Ponho a rádio naquela estação dos pianos e dos violoncelos e vou fazendo por não pensar de mais no nada do costume.
Vou com atenção à estrada e ao ponteiro do depósito.
Apesar de tudo, a vida sempre é uma coisa que merece atenção, embora nem sempre.
(Isto digo mas nunca deixo de colher a fruta que as árvores mais extremas dos quintais abandonam pelo chão, como se foram rainhas dadoras de pão.)
Já estive em Barajas duas vezes, mas uma à (v)ida e outra à vi(n)da.
Não conto lá voltar.
XIII. TUDO O QUE SABES DESTE HOMEM
Viseu, Bar Estado d’ Alma, fim da manhã de 25 de Agosto de 2008
Tudo o que sabes deste homem cruzando a praça
não passa disto: nasceu e morrerá.
Canoras papoilas são os ruivos pássaros
que fazem chilrear as árvores municipais.
Orquestra de cordas claras é a fonte,
luminosa de água canora ela também.
Pega na minha mão, aprecia quão
pobre estrela ela é, ainda assim aberta.
Pega na mão desse homem cruzando a praça,
não passa de uma mão de homem, uma estrela.

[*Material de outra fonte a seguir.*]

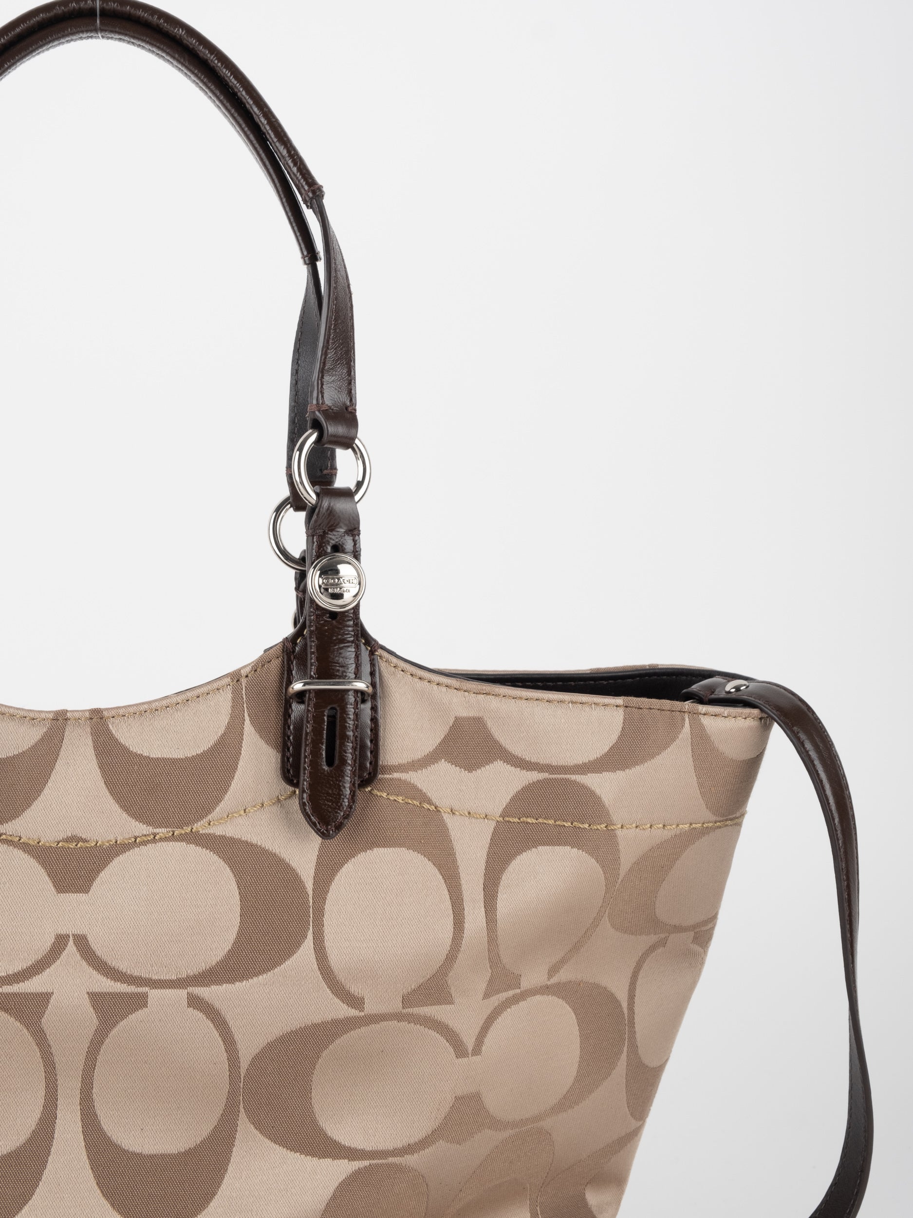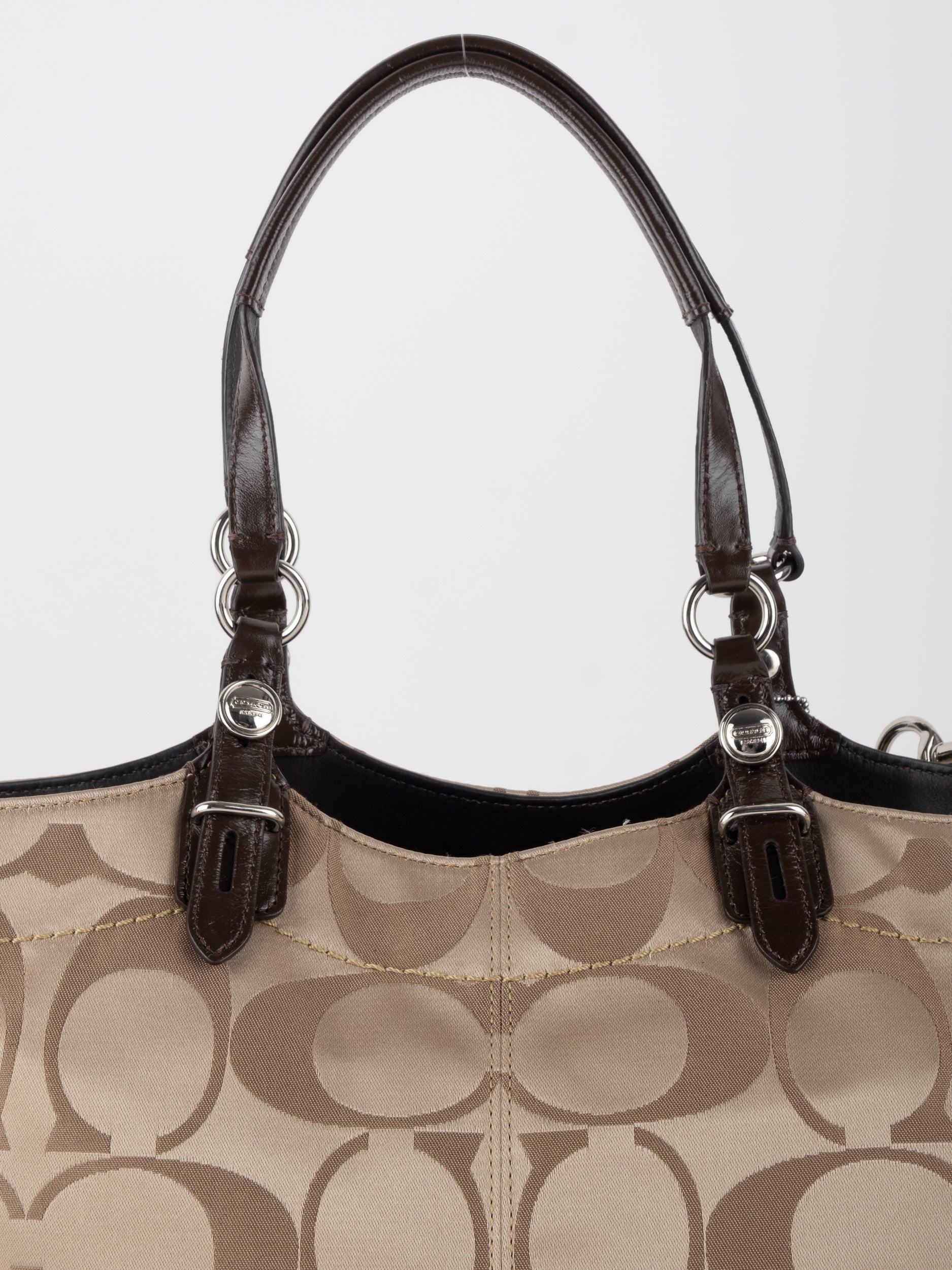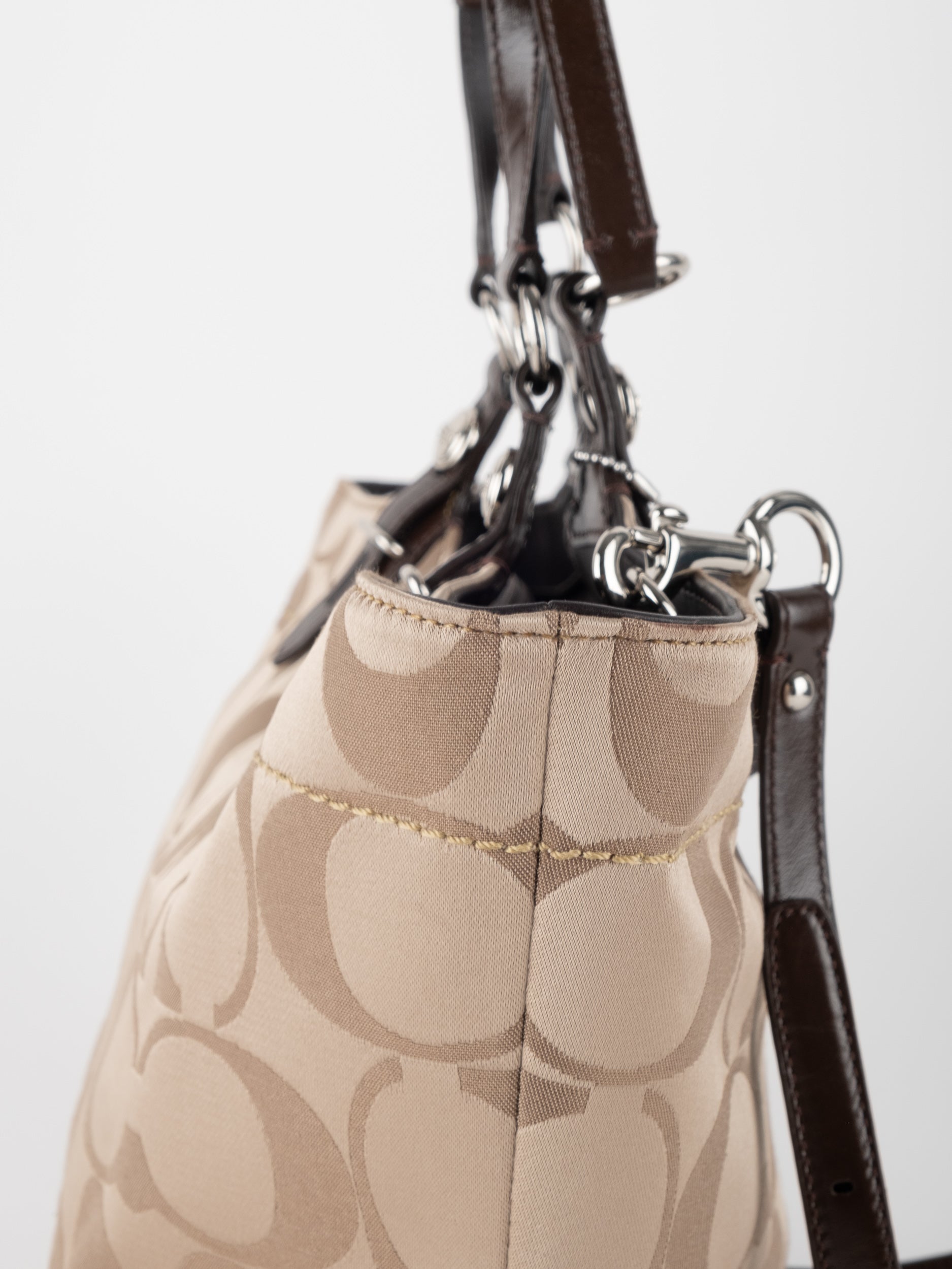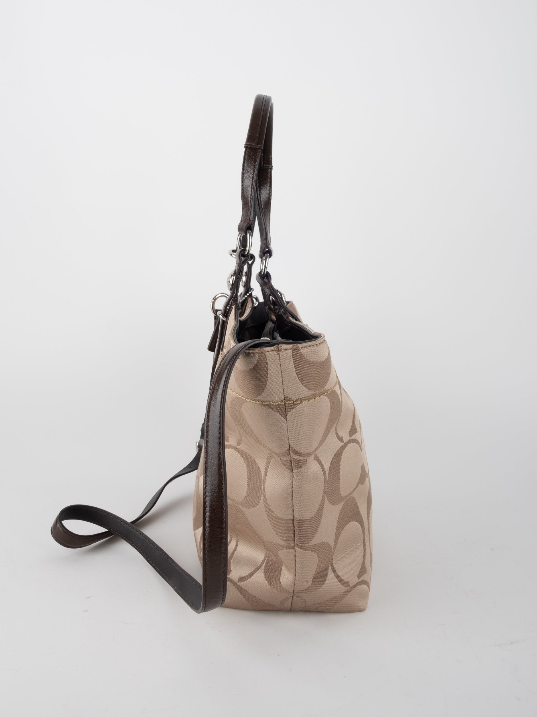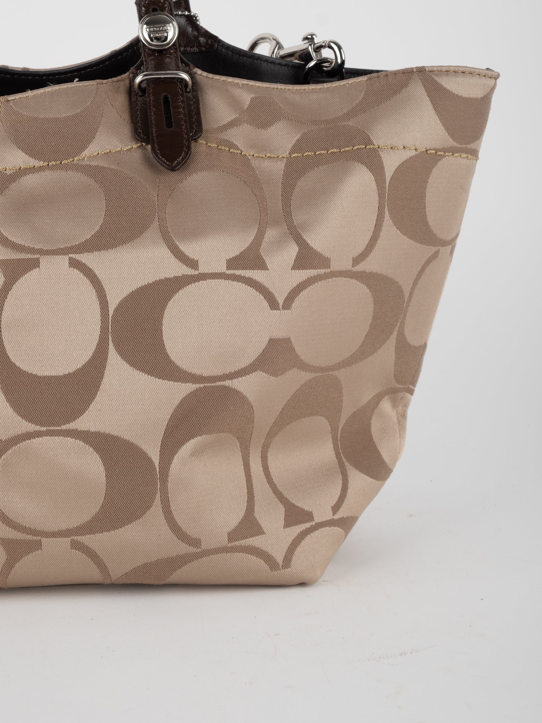 View Similar Productsקואץ' COACH וינטג' יד שנייה בדוגמת Signature בגווני בז’ וחום כהה, בעיצוב נשי ורך עם ידית קצרה ורצועת כתף ארוכה מתכווננת. תיק אלגנטי אך יומיומי, כזה שמרגיש קליל ונוח אבל עדיין מוקפד.
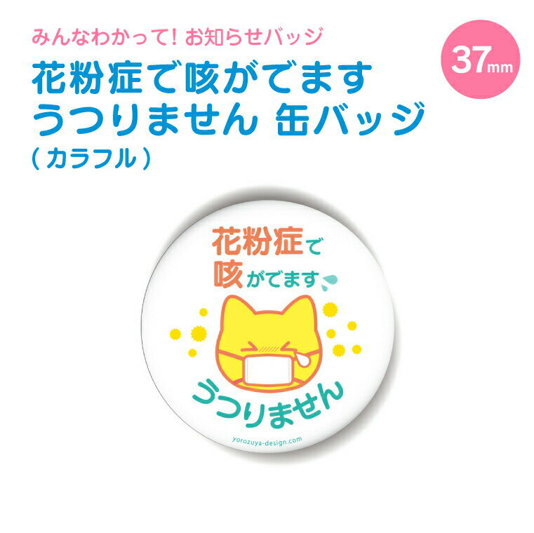 花粉症による咳症状をお知らせするバッジです小ぶりでかわいい お知らせ 缶バッジ 丸型37mm (花粉症で咳が出ますうつりません カラフル) 《 敬老の日 2025 おしゃれ グッズ かわいい 七五三 節句 入園 入学 卒業 卒団 プレゼント ギフト 記念品 土産 推し活》
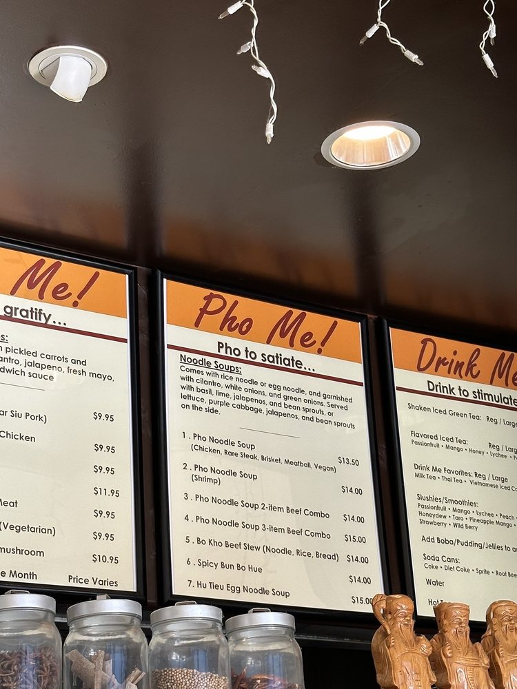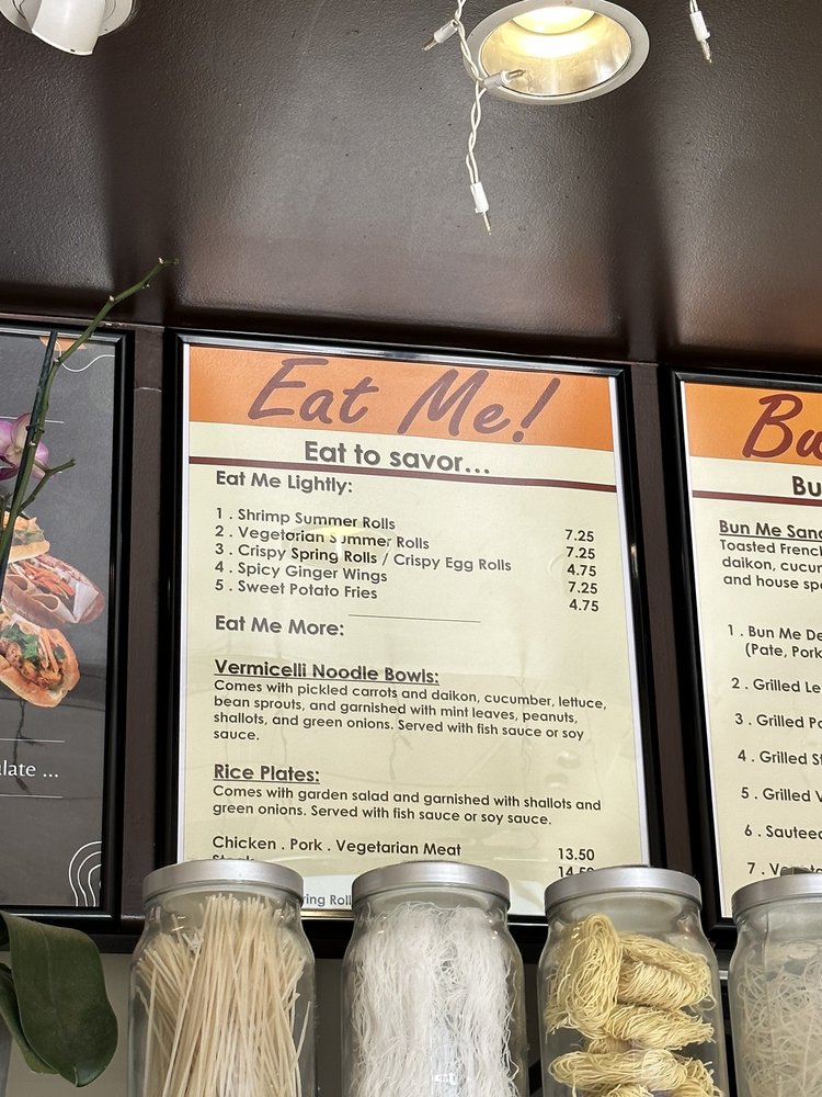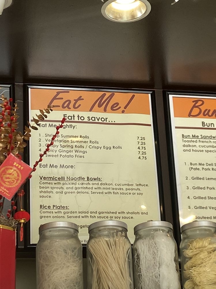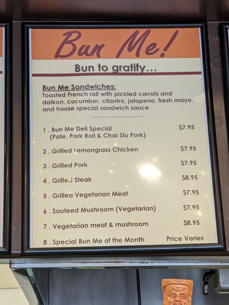 Introducing the menu at Bun Me!, a Vietnamese sandwich spot in Northridge, CA, with a focus on authentic and quality dishes. Standout items include the chicken and deli special sandwiches, praised for their fresh veggies, crispy bread, and juicy, flavorful meats. Customers rave about the bun bo hue soup infused with lemongrass and the hot, crispy wings. Vegetarian and vegan options, including top-rated tofu dishes like pho and banh mi, are a hit. The welcoming service, reasonable prices, and great boba add to the overall positive dining experience. With a cozy atmosphere and a menu that caters to different preferences, Bun Me! is hailed as a must-try for delicious Vietnamese fare.

XIV. SEREI FINALMENTE FINAL
Viseu, Restaurante Colmeia, noite de 25 de Agosto de 2008
Serei finalmente final e velho
quando o corpo de todas as mulheres
for igual ao da minha Mãe
quando já nenhuma sede
e água nenhuma.
Serei velho
então
e então
estarei prontíssimo
para morrer
ou
digamos
para renascer.
XV. GPS COM RIMAS PORTUGUESAS E OLHOS DE MULHER PRÓPRIA
Viseu, Praça do Rossio, tarde de 27 de Agosto de 2008
Rola o planeta repletamente pleno
de animais não isentos de humanidade:
a pomba económica, o cão esmoler
e um gato cujos olhos são azuis e iguais
aos da minha mulher.
Fartam-se os municípios de estoirar recursos
e reservas ecológicas com putas de aluguer:
mas gatos há neste planeta de iguais e azuis olhos
aos da minha mulher.
Muito pode a concentração das petroleiras.
Muito pode a filhassimplesdeputice.
Pouco pode Alice ante suas mesmas autistas
maravilhas (tanto Alice quanto nossas filhas).
Mas quando Alice for mulher,
há-de querer, e até crer, ter iguais olhos
aos azuis da minha mulher.
Por aqui ando, no planeta breve
do poder local, cancro pouco benigno
do poder revolucionário que mal houve em Portugal.
Passa o vereador idiotizado
por mesmerismo de televisão.
Passa o assessor, que é assessor
e cabrão – por atributo de funções,
que mais se assessora quem mais troca a
própria senhora
por colhões.
Rola o planeta plenamente repleto:
e abaixo o acordortográfico que é
um peido obsoleto.
Pela minha vida, breve tal vossa por igual,
olhos de mulher, ortografia de Portugal:
Portugal, ó pátriazinha, azul, mor(t)al
e azul e minha.
Portugal, minha pátria nossa que, quando quer,
tem iguais olhos azuis aos da minha mulher.
1 comentário:
Frenético (como costumo dizer num certo tempo de mim e dos outros) "ainda bem".À vida (não dou conselhos) não temos outra saída.